MARV is replaced by the old Mammoth Walker.
The Predator Tanks are brought back into the faction via a call-in (2 Predators, 2 MRTs, 2 rifle squads, 2 rocket teams, and 2 Pitbulls)
The Zone Troopers are brought back, but with a laser minigun instead. You aren’t going to tell me the advanced weapon division just sat on advanced weapons technology for years and years doing literally nothing with it.
The Heavy Harvester gets more health and +2 bunker capacity.
Second repair drone for the MRT (+ bigger repair radius). Also more troop carry capacity.
Mutant Marauders added to the Barracks.
Lasers (or plasma beams) and stealth tech for their rail gun vehicles (Mammoth, Titan, Rigs, and Guardian Cannons). Why else would they have sat on advanced weapon schematics for years? Adding insult to injury, Twilight has the Titan armed with a laser.
Instead of AP ammo, they get explosive rounds for their Wolverines and Watchtowers. Heck, maybe make the Wolverine into an advanced version with the standard AP ammo, a rocket launcher, stealth detection, and a mortar, effectively combining it with the Pitbull. Replace the Pitbull with something else.
Remember that liquid tib they were studying? Work that into something. Anything. Maybe something special for their Orcas?
Hammerheads with searchlights/stealth detection.
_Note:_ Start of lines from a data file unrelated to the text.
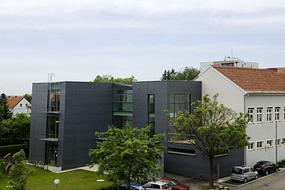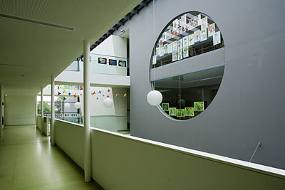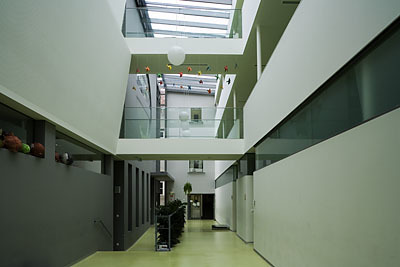 Aus diesen Vorgaben sowie der Intention nach möglichst differenzierten Raumerlebnissen (Bildung) und kurzen Wegen (Kosten) ergab sich die Parallelstellung eines Bauplatz sparenden, kompakten, dreigeschossigen Baukörpers. Die Schnittstelle zwischen Bestand und Neubau bildet eine 12 m hohe überglaste Halle, Brücken und Stege verbinden die beiden Baukörper, alt und neu stehen in einem ablesbaren Spannungfeld zueinander.
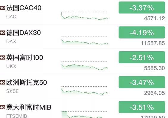 受疫情等因素的影響,歐美股市腥風血雨,一片殺跌!歐洲股市被錘完之后,美股繼續(xù)錘!
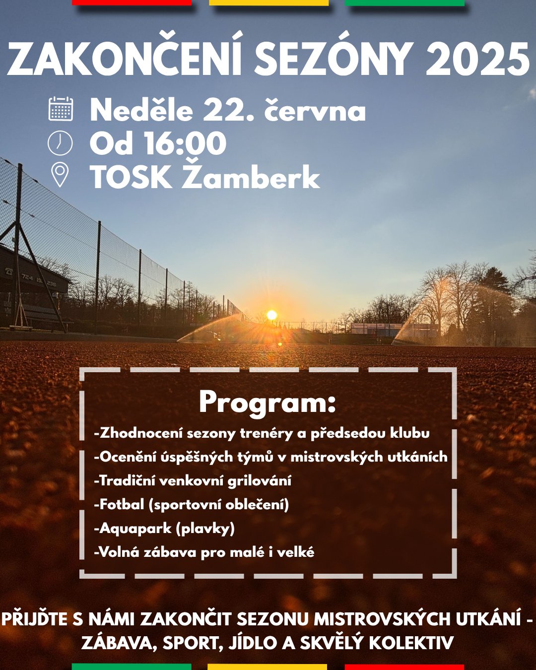 Vážení členové a příznivci klubu, srdečně vás zveme na tradiční zakončení sezóny, které se uskuteční v neděli 22. června od 16:00 v areálu TOSK Žamberk.
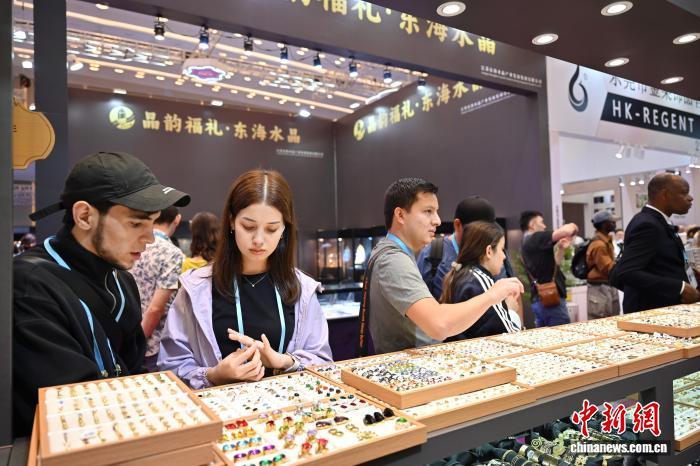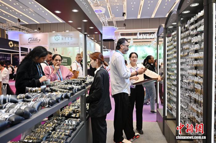 图为时尚饰品专区的饰品吸引境外采购商参观试戴。中新社记者 陈楚红 摄
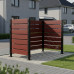 Wooden privacy screen for garbage cans, Compact: 3x120L or 2x240L. Stability with galvanized and powder-coated steel posts. Natural, warm look with durable mahogany compact wood panels. Dimensions (W x H, mm): 750 x 1500. Ideal for up to three 120-liter bins or two 240-liter bins in a row.
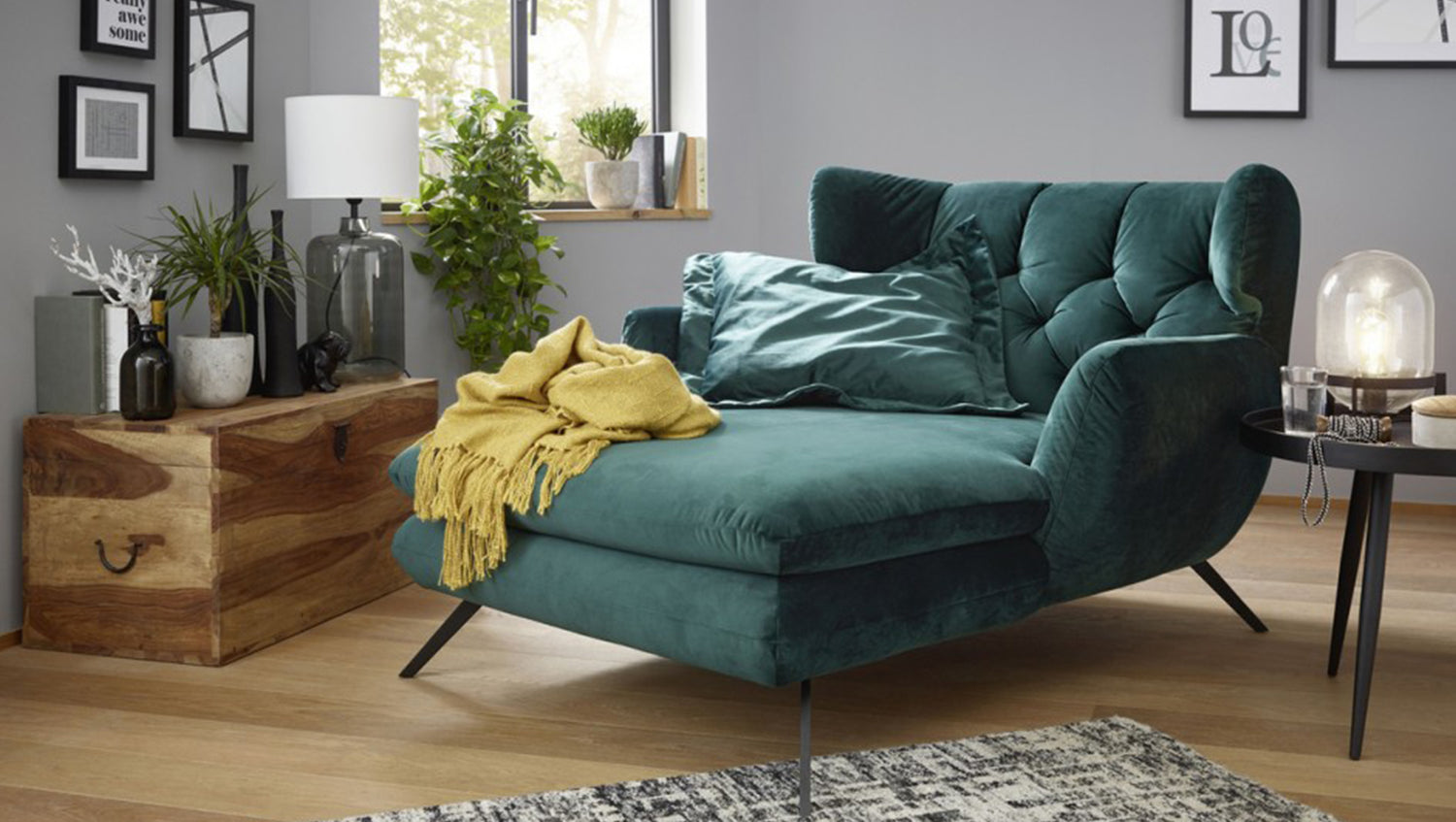 El acolchado del KAWOLA CHARME es de espuma PUR e impresiona por su suave y desenfadado confort de asiento. Por supuesto, el asiento largo está completamente tapizado con la tela verde esmeralda, de modo que este estupendo sofá reclinable también puede colocarse libremente en la habitación. Si no busca simplemente un sillón largo, sino un punto culminante muy especial, ¡el puf KAWOLA CHARME es la elección perfecta!

Bigger refineries (equipped with an extra silo)
Edit-
They really should’ve gotten railguns by default for some of their stuff. Maybe a separate firing mode setting for their vehicles? Turn on the laser ability for faster RoF, turn on the rail gun for more damage?
Also more EMPs. They’ve got EMP immunity. Why not give them some kind of EMP base defense and one of those crazy EMP systems used by McNeal, but mounted on a modified Pitbull? Heck, maybe just add in the Kodiak as a whole vehicle. Pretty sure Twilight did that.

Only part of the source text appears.